The ruling is enforceable against Ireland-based Apple Sales International in exchange for a 100 million ($134 million) bond from Motorola, unless Apple wins a stay.
The patent in question is EP (European Patent) 1010336 (B1) which details a "method for performing a countdown function during a mobile-originated transfer for a packet radio system". It was declared essential to the General Packet Radio Service (GPRS) standard.
Apple will likely appeal this ruling to the Karlsruhe Higher Regional Court and request a stay for the duration of the appeal. If the stay isn't granted Motorola will have to decide whether to bear the risk of enforcing an injunction that could get overturned. Apple asked for a 2 billion bond but the court only granted 100 million.
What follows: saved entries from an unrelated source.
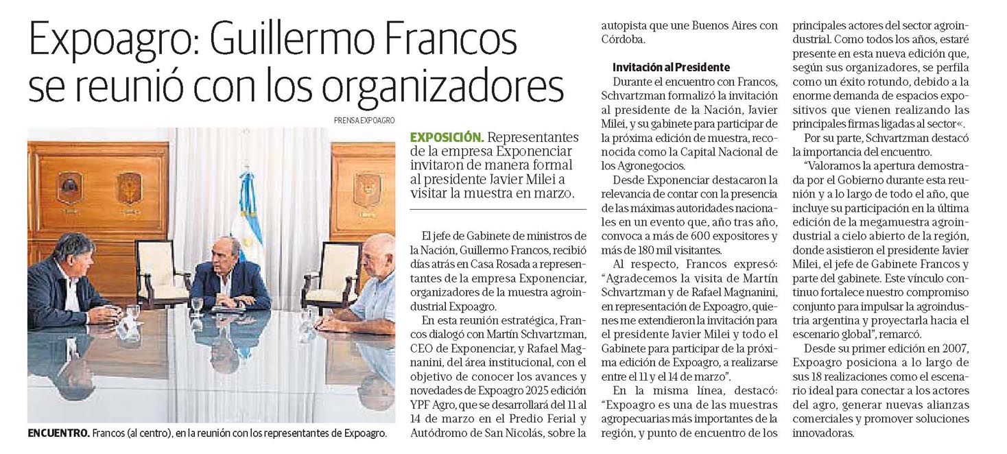 Al respecto, Francos expresó: «Agradecemos la visita de Martín Schvartzman y de Rafael Magnanini, en representación de Expoagro, quienes me extendieron la invitación para el presidente Javier Milei y todo el Gabinete para participar de la próxima edición de Expoagro, a realizarse entre el 11 y el 14 de marzo».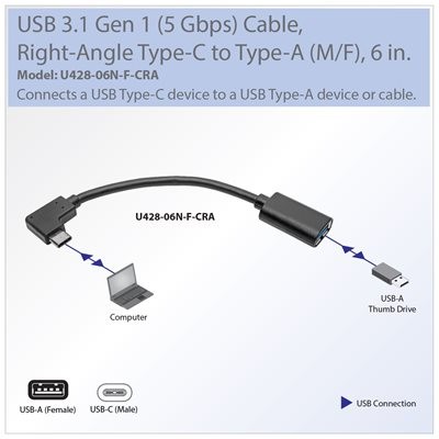 By powering and connecting different USB devices, Tripp Lite’s U428-06N-F-CRA USB Type-C™ (USB-C™) to USB-A, 3.1, Gen 1 cable helps you manage your computers and peripherals efficiently. This black, 6 in. cable with a right-angle USB-C/Thunderbolt™ 3 (M) connector and a USB-A (F) connector supports data transfer rates up to 5 Gbps and provides power output up to 3 amps (60 watts), more than sufficient for charging, syncing and powering compatible devices.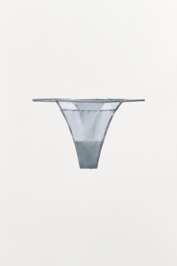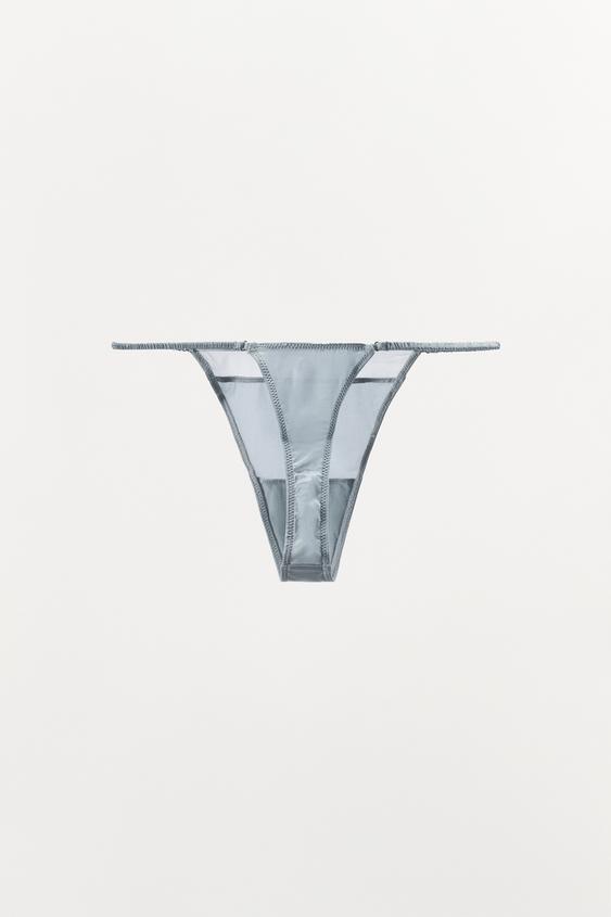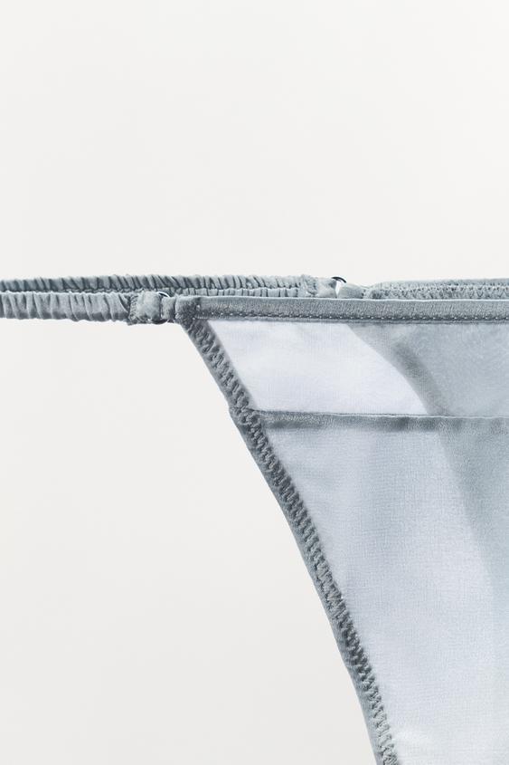 ZARA ШЕЛКОВЫЕ ТРУСЫ-ТАНГА, ГОЛУБОЙ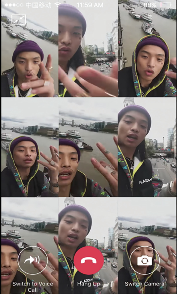 由Miyashiro旗下专注于亚洲说唱歌手的厂牌88rising发布的这部音乐录影带将微信——这一统一了中国(一个Facebook、Twitter、Instagram、和YouTube被禁的国家)社交网络集体经验的软件——用户界面的各种元素聚合到一起。成都音乐组合海尔兄弟(Higher Brothers)创作的trap音乐的背景影像包括了我们所熟悉的手机通知、表情,以及视频聊天和图片传输中的视觉图像。
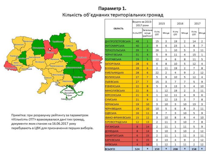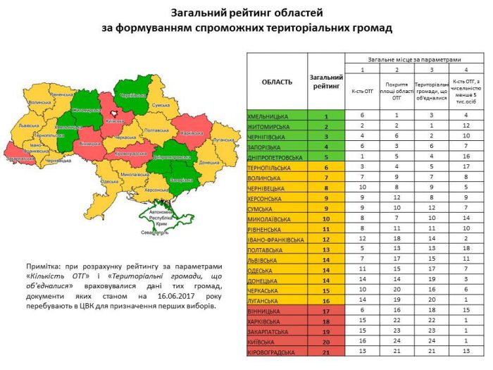 — К сведению — рейтинги областей за формированием способных территориальных общин. Разработанный Минрегион по четырем параметрам мониторинга. Представил сегодня его председателям ОГА, представителям региональной власти и органам местного самоуправления, — написал Геннадий Зубко.

According to FOSS Patents, Motorola was able to overcome Apple's FRAND (fair, reasonable, and non-discriminatory) defense.
The logic presented by Motorola's counsel convinced the court: someone using a patented invention should have to pay a price for being found to have infringed. While competition law requires the patent holder to extend a license on FRAND terms going forward, past infringement is a different matter. If, in the alternative, damages for past infringement were limited to a FRAND royalty rate, Motorola and Judge Voß argue, an infringer might ultimately get to use the patent on more favorable terms than someone procuring a license at the outset. They say that favorable terms would result from a scenario in which payments for using the patent in the past can be avoided by proving the patent invalid.
Apple has an action to invalidate the patent going at the Federal Patent Court in Munich and if it succeeds, Apple doesn't want to pay past infringement royalties.